I have a dataframe
df = pd.DataFrame({'id':[1,2,3,1, 1], 'time_stamp_date':['12','12', '12', '14', '14'], 'sth':['col1','col1', 'col2','col2', 'col3']})
d time_stamp_date sth
0 1 12 col1
1 2 12 col1
2 3 12 col2
3 1 14 col2
4 1 14 col3
and I would like to get the following dataframe. So for each column in sht_list
I would like to check if it appears in sth for a specific id
and time_stamp_date
.
id time_stamp_date sth col1 col2 col3 col4
0 1 12 col1 1 0 0 0
1 2 12 col1 1 0 0 0
2 3 12 col2 0 1 0 0
3 1 14 col2 0 1 1 0
4 1 14 col3 0 1 1 0
I can do it like this
df_out = df.assign(**{col: df.groupby(['id','time_stamp_date']).sth.transform(
lambda x: (x==col).any()).astype(int)
for col in sht_list})
but I would like to use only groupby (without transform and then having to use drop_duplicates())
but the below doesn't work because all columns will be named the same ().
The error that I get is SpecificationError: Function names must be unique, found multiple named <lambda>
.
df_out = df.groupby(['id','time_stamp_date'])[['sth']].agg({lambda x: (x==col).any().astype(int)
for col in sht_list})
Is it possible to make the above code work?
Just need to think in terms of the Index
for this one. You already know where the values for your dummies exist so you can rely on index manipulations and filling values that don't exist.
import numpy as np
import pandas as pd
df = pd.DataFrame({
'id':[1,2,3,1, 1],
'time_stamp_date':['12','12', '12', '14', '14'],
'sth':['col1','col1', 'col2','col2', 'col3']
})
sth_list = ['col1', 'col2', 'col3', 'col4']
out = (
pd.Series(data=1, index=pd.MultiIndex.from_frame(df))

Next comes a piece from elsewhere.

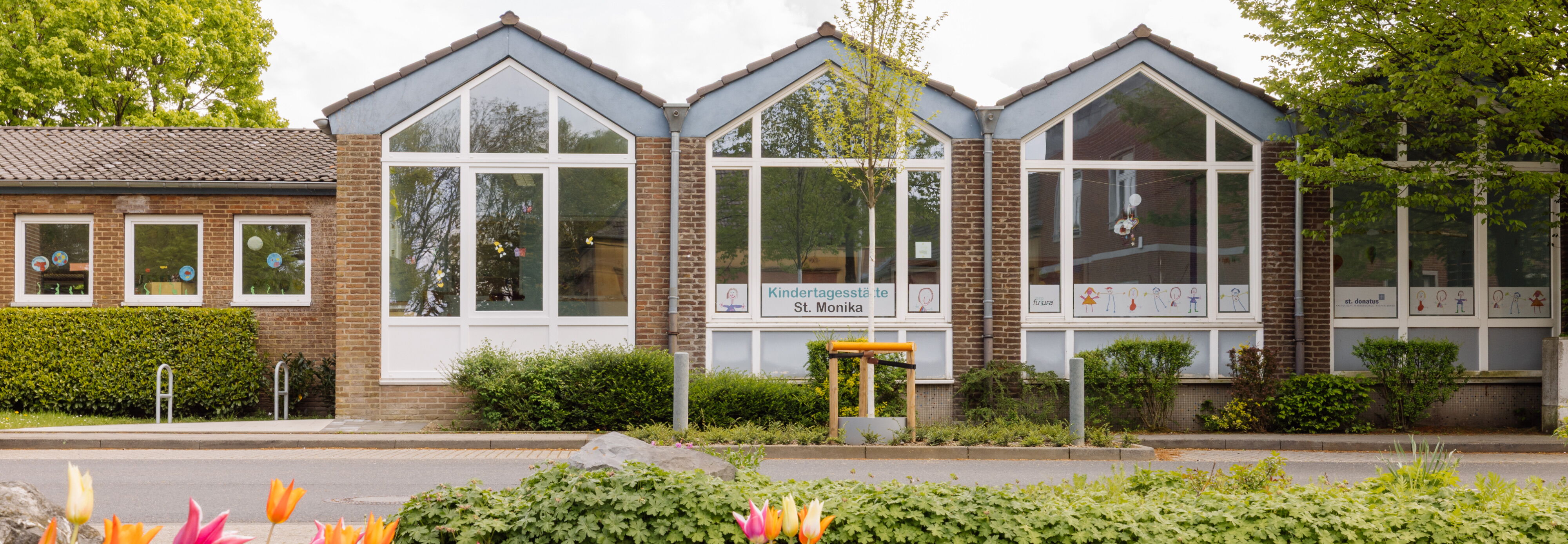 In unserer lebendigen Kindertageseinrichtung St. Monika erleben Kinder eine fröhliche, bewegungsfreudige und vielfältige Spiel- und Lernwelt in herzlicher Atmosphäre. Unser zentral in Aachen-Brand gelegener Kindergarten – in direkter Nachbarschaft zur Kirche St. Donatus, dem Pfarrzentrum, der Pfarrbücherei, dem Marienheim, einem Spielplatz und der Grundschule – ist fest im sozialen und kirchlichen Leben des Stadtteils verankert.
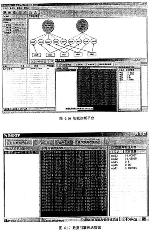 綜上分析,采用人機(jī)交互方式將Zdp14、Zdp15等參數(shù)輸入計(jì)算機(jī),智能診斷系統(tǒng)得到雙環(huán)減速器故障診斷結(jié)果,偏心軸彎曲故障,程度值在0~1范圍變化,齒形誤差較大。智能診斷結(jié)果如圖6.15所示。圖6.16是智能診斷平臺(tái)進(jìn)行現(xiàn)場(chǎng)一線(xiàn)診斷分析,圖6.17是數(shù)據(jù)引擎進(jìn)行實(shí)時(shí)數(shù)據(jù)接收和數(shù)據(jù)發(fā)送。

.unstack('sth', fill_value=0)
.reindex(
# index=… here is only if you want row order from original data
index=pd.MultiIndex.from_frame(df[['id', 'time_stamp_date']].drop_duplicates()),
columns=sth_list, fill_value=0
)
)
print(out)
sth col1 col2 col3 col4
id time_stamp_date
1 12 1 0 0 0
2 12 1 0 0 0
3 12 0 1 0 0
1 14 0 1 1 0